ST. LOUIS – Is it time to worry yet?
“Worry I think is a strong word,” Cubs pitcher John Lackey said after the Cubs lost again Monday, this time 4-3 on Randal Grichuk’s walkoff home run with two out in the ninth.
All right, how about concern? Consternation? Unease? Frustration?
“Yeah, it is frustrating a little bit,” Cubs second baseman Ben Zobrist said after the Cubs third consecutive loss and sixth in eight games.
It was the eighth loss in 12 games dating to that doubleheader sweep at the hands of the woeful Padres at home – after the Cubs had built an 8½ -game lead in their division barely a month into the season at that point.
“But it’s still so early,” said Zobrist, whose three hits included a leadoff single in the fourth that led to the Cubs’ first run. “We weren’t thinking too high of ourselves. We know it’s a long season.
“We just haven’t had the results the last week and a half, two weeks here.”
Whatever the mood on Cubs-related social media, the frustration in the clubhouse is limited to a struggling lineup that has produced just 16 runs in the eight losses the past two weeks – twice losing 1-0.
Their starting rotation still leads the majors in ERA. And Lackey was on his way to his most dominant start of the season, and possibly a complete game, until leaving a pitch up with two out in the seventh that pinch-hitter Matt Adams drove over the right-field wall to tie the game.
“It looked pretty good, didn’t it?” Lackey said. “For awhile.”
And then the Cardinals did what they did to these Cubs much of the first half last year, until the Cubs got hot after the All-Star break.
It’s not like the Cardinals were going to fade away this year just because the Cubs beat them in that series last month or because the Pirates have handled them early.
“It’s a long season, man,” Lackey said. “They’re a good team. They’ll be fine. We’ve got to worry about ourselves man. If we play our game we’ll be OK.
“But we need to play better, 100 percent.”
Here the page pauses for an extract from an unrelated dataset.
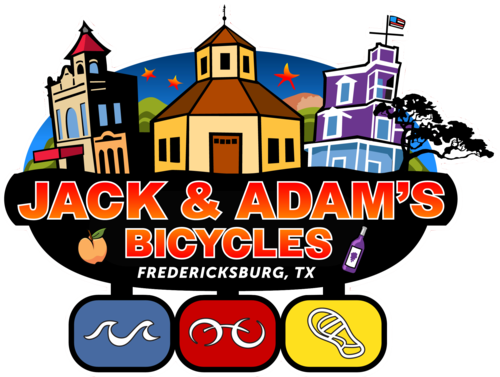 Una tienda de bicicletas de servicio completo, Jack & Adam's Bicycles llevará cuatro líneas de bicicletas diferentes, incluyendo Felt, Scott, Guru y Turner Bicycles que cubren una amplia gama de estilos - desde bicicletas de carretera hasta bicicletas para niños e incluso bicicletas eléctricas que disminuyen el estrés de las colinas difíciles para los ciclistas menos experimentados. Jack & Adam's Bicycles también tiene una gran variedad de zapatillas y ropa para correr, ropa de natación, gafas de sol y casi cualquier cosa que necesites para disfrutar de tu aventura al aire libre en Fredericksburg y el Texas Hill Country.

Already coming off their first consecutive series losses since August, the Cubs are in danger of losing three straight series for the first time in more than a year (May 1-10, 2015).
“We’ve just been scuffling, obviously, offensively, and there’s nothing you can do besides just work your way out of it and keep swinging,” said “Benjamin Button” Zobrist, who’s 41-for-106 spree (.387) in his last 30 games defies the other big number he’s working on this week:
He turns 35 on Thursday.
“It’s probably the best [stretch] I’ve ever had,” he said.
But it hasn’t been enough for a struggling lineup that only had the road get tougher with Jason Heyward’s injury absence from the No. 2 spot the last three games.
“He’s a big part of our lineup, so obviously we’d like to have him in there,” Zobrist said. “ But we want him to be healthy too. Hopefully he can get in there soon and be back to our old selves.”
Meanwhile, manager Joe Maddon doesn’t seem concerned.
“Right now we’re playing a good game of baseball in all areas,” Maddon said. “We’re just not getting the hit when we need it, which I know we will.
“There’s a lot to be encouraged by. I’m not discouraged by anything, because we’re still playing good baseball.”